Anyway - not noticed any data loss yet and was hoping it would be such
that if all tables had been vacuumed recently (including system catalog
tables), that there would be no remaining rows that would appear to
have a future xid and so the database should be ok?

Obviously I'm now doing the write thing with a vacuumdb -a - however
this has been running 9 hours  now and looks like at least 7 hours to
go just on this one monstrous table

in the interests of risk reduction I've just knocked up a script to run
ahead and quickl vacuum all the other tables.

But my questions are thus...

a) is my assumption about the database being ok correct - assuming all
tables have been vacuumed recently, including catalog tables?

b) is it possible to safely abort my whole table vacuum now so I can
run it at the weekend when there's less traffic?

c) if I have experienced data loss, on the assumption all the table
structure remains (looks like it does), and I have a working backup
from before the xid wraparound (I do), can I just reinsert any
detected-missing data at the application level without needing a
dump/reload?

Any help appreciated in this really not-fun time,

thanks

S


Re: recovery from xid wraparound

От
"Shane Wright"
Дата:
Incidentally, how many passes of a table can vacuum make!  Its currently
on its third trip through the 20Gb of indices, meaning another 7 hours
till completion [of this table]!.

Assume it only does three passes?  (it chooses based on the table
continuing to be updated while vacuum is running)

S



-----Original Message-----
From: Martijn van Oosterhout [mailto:kleptog@svana.org]
Sent: 24 October 2006 10:24
To: Shane Wright
Cc: pgsql-general@postgresql.org
Subject: Re: [GENERAL] recovery from xid wraparound


On Tue, Oct 24, 2006 at 07:43:15AM +0100, Shane Wright wrote:
> Anyway - not noticed any data loss yet and was hoping it would be such

> that if all tables had been vacuumed recently (including system
> catalog tables), that there would be no remaining rows that would
> appear to have a future xid and so the database should be ok?

Running vacuum is the right solution, but I think you have to let it
finish.

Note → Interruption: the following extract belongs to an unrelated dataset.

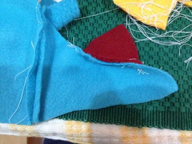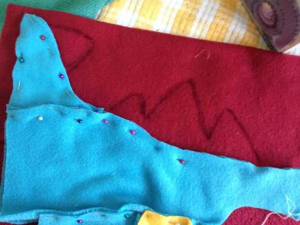 Ahora toma las dos piezas de "back" y pin ellos junto. Tomar a la tela roja y doblar por la mitad. Junte los fijados en la tela roja y en el tamaño y la cantidad de puntos deseados, incluyendo uno para la punta de la historia.

In particular, in that version a database-wide vacuum has to
complete before it will update the datfrozenxid (it's not tracked per
table).

> a) is my assumption about the database being ok correct - assuming all

> tables have been vacuumed recently, including catalog tables?

Should be ok, but apparently you missed one, or didn't do a database
wide vacuum.

> b) is it possible to safely abort my whole table vacuum now so I can
> run it at the weekend when there's less traffic?

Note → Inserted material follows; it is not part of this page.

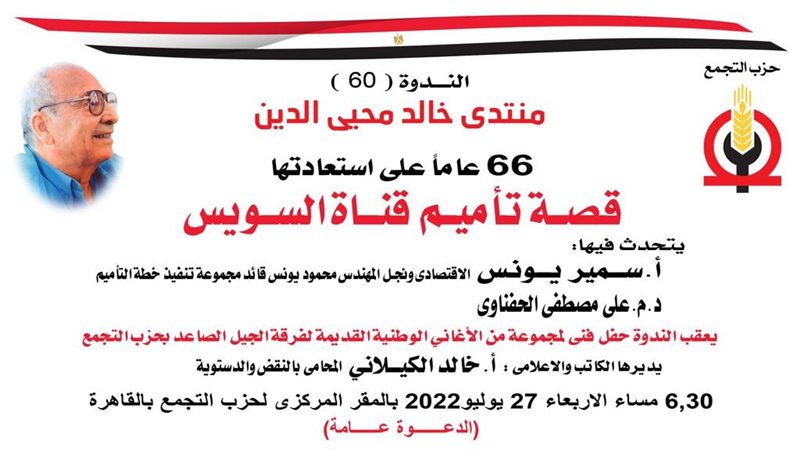 ينظم حزب التجمع برئاسة النائب سيد عبد العال عضو مجلس الشيوخ ورئيس حزب التجمع منتدى خالد محيى الدين الستين باحتفالية تحت “عنوان قصة تاميم قناة السويس ”66عاما على استعادتها يوم الأربعاء القادم الموافق 27 يوليو فى السادسة والنصف بالمقر المركزى للحزب بشارع طلعت حرب.

Aborting vacuum is safe, but you have to do a database-wide vacuum at
some point.

> c) if I have experienced data loss, on the assumption all the table
> structure remains (looks like it does), and I have a working backup
> from before the xid wraparound (I do), can I just reinsert any
> detected-missing data at the application level without needing a
> dump/reload?

A VACUUM will recover any data that slipped beyond the horizon less than
1 billion transactions ago, which I think covers you completely. The
only issue is that unique indexes may be confused because new
conflicting data may have been inserted while the old data was
invisible. Only you can say if that's going to be an issue.

Hope this helps,
--
Martijn van Oosterhout   <kleptog@svana.org>   http://svana.org/kleptog/
> From each according to his ability. To each according to his ability
> to litigate.

Re: recovery from xid wraparound

От
Alvaro Herrera
Дата:
Shane Wright wrote:
>
> Incidentally, how many passes of a table can vacuum make!  Its currently
> on its third trip through the 20Gb of indices, meaning another 7 hours
> till completion [of this table]!.
>
> Assume it only does three passes?  (it chooses based on the table
> continuing to be updated while vacuum is running)

As many passes at it needs to.  It is limited by maintenance_work_mem
(in 7.4 I think it was sort_mem).

It needs to collect an array of tuple pointers, and it keeps them in
memory.  When the array grows to maintenance_work_mem, it stops scanning
the table and scans the indexes, removing everything that points to
those tuple pointers.  Then it goes back to scanning the table.

So the problem is that it scans the whole indexes many times.  If you
increase maintenance_work_mem way up for this vacuum task, it will need
to wholly scan the indexes less times (hopefully only one), making the
process a lot faster.

--
Alvaro Herrera                                http://www.CommandPrompt.com/
The PostgreSQL Company - Command Prompt, Inc.

Re: recovery from xid wraparound

От
Tom Lane
Дата:
"Shane Wright" <shane.wright@edigitalresearch.com> writes:
> Incidentally, how many passes of a table can vacuum make!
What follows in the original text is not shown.